Королева не моргнула. Лишь одна её идеально очерченная бровь чуть приподнялась, побуждая продолжать.
— Его Величество устроил его помолвку с Ладенией. Демитр был вынужден подчиниться. Но мы… — я сглотнула, чувствуя, как жар стыда и горечи заливает щёки. — Мы переписывались. Все эти годы. А вчера… — голос мой дрогнул, но я вынудила себя закончить, глядя прямо перед собой. — Вчера, после нападения, он предоставил мне убежище в гарнизоне. И да. Мы провели ночь вместе.
Я ждала всего: вспышки гнева, ледяного молчания, упрёков в безрассудстве и легкомыслии. Готовилась к тому, что её материнский гнев обрушится на Демитра, на меня, на весь мир.
Но Верания лишь медленно выдохнула и тяжело опустилась на кресло. Её пальцы сжали резные деревянные подлокотники так, что суставы побелели. Она смотрела куда-то мимо меня, в солнечные блики на паркете, и в её глазах плескалась такая глубокая, бездонная горечь, что мне стало физически больно.
— И это, — произнесла она наконец, и её голос, обычно такой мелодичный, звучал приглушённо и устало, — первый раз, когда ты говоришь со мной откровенно. Не как подданная с королевой. А как дочь с матерью.
Она покачала головой, и в этом жесте было не осуждение, а бесконечная усталость от многолетней борьбы с невидимой стеной.
— Я так рада, дитя моё. Боги, ты не представляешь, как я рада каждому твоему вздоху, каждому мгновению, что ты жива и здорова. После того, что случилось… после тех лет пустоты… — она сжала веки, сгоняя набежавшую влагу. — Но это так сложно. Ты вошла в этот дворец как героиня и талантливый маг. Да, Истер тебя рекомендовал, но решение принимал Ледарс на основе твоих заслуг. Ты добилась всего сама — назначения, орденов. Даже Истера заставила сделать так, как хочется тебе. Ты не нуждалась во мне. Ты не искала у меня ни советов, ни участия, ни… ласки.
Она посмотрела на меня прямо, и её взгляд был полон грусти и нежности.
— Я понимаю. Я не Лисария. Я не та, кто растил тебя, кто зашивал твои платья и вытирал слёзы с твоих щёк. Я — чужая женщина в роскошных покоях, которую ты обязана называть «Ваше Величество». И я… я пыталась принять эти правила. Держаться на почтительной дистанции, когда всё во мне кричало, желая обнять тебя, расспросить о твоём дне, предложить свою помощь. Я видела, как ты скорее горы сдвинешь магией, чем попросишь о помощи. Скорее изойдёшь кровью, чем признаешься в слабости. И я смирилась с тем, что всегда буду лишь молчаливой наблюдательницей твоей жизни.

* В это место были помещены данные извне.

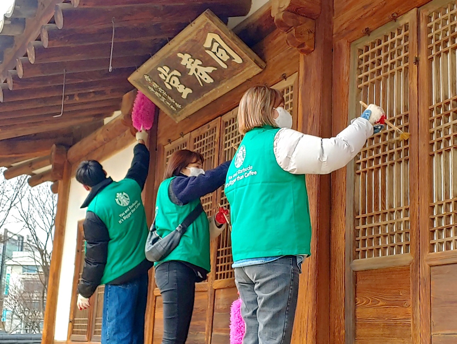스타벅스는 올해 1월 덕수궁 석조전을 시작으로 서울(덕수궁 석조전∙중명전, 이상의 집), 수원(수원화성), 대전(동춘당, 소대헌∙호연재 고택), 인천(인천향교), 부산(금정산성, 문화공감수정), 광주(무양서원), 대구(경상감영공원)에서 환경 정화, 고택 마루 보전 등의 다양한 봉사 활동을 이어갔다.
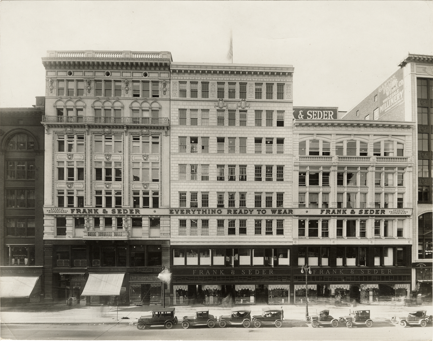 View of the Frank & Seder department store on Woodward Ave. Cars are parked in front of building. Handwritten on back: "Woodward Avenue (west side) between Grand River & State St."
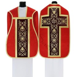 Casula romana bordada em alto relevo com linha dourada de altíssima qualidade.
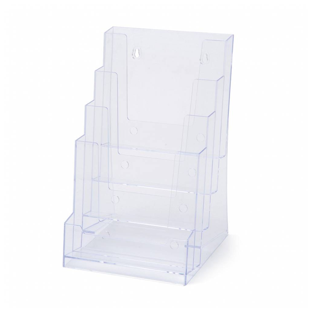 Plastový stojánek na letáky ve formátu A5 je skvělým řešením pro prezentaci reklamních letáků či jiných tiskovin, a to nejen v kancelářském prostředí. Tento moderní nástroj je vyroben z kvalitního plastu a disponuje čtyřmi úložnými kapsami. Stojánek je určen k vystavení na viditelné místo, kde se díky svému zpracování stane snadno středem pozornosti. Vhodný také pro připevnění ke zdi.
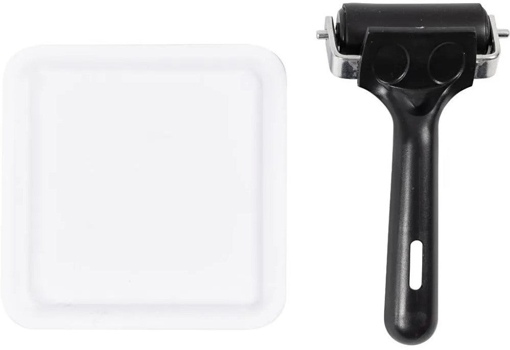 Deze roller verspreidt een dunne laag verf perfect voor lino- of monoprints te maken of andere druktechnieken.

Её губы дрогнули, сложившись в горькую улыбку.
— А теперь… теперь ты признаешься о своей ночи с мужчиной. Ты доверяешь мне самое сокровенное. И я не знаю, плакать мне от счастья, что ты наконец-то позволила мне подойти ближе, или рыдать от ужаса за тебя, понимая, что могла снова тебя потерять.
Я застыла, оглушенная её словами. Ведь даже представить себе не могла, что все мои попытки избавится от удушающей опеки, к которой я просто не привыкла, она воспринимает именно так. Что она чужая. Что она мне не нужна. Я просто не заметила израненную, одинокую, отчаянно желавшую хоть каплю тепла от дочери, которую у неё украли.
— Мама… — голос мой сорвался на шёпот., а Верания вздрогнула от этого простого слова. Я сделала шаг вперёд, потом ещё один, и опустилась перед её креслом на колени, как когда-то в детстве перед Лисарией. Мои руки сами потянулись к её сжатым, холодным пальцам, и я осторожно прикрыла их своими. — Простите меня. Пожалуйста, прости. Я… я совсем не против быть к тебе ближе. Просто… не так.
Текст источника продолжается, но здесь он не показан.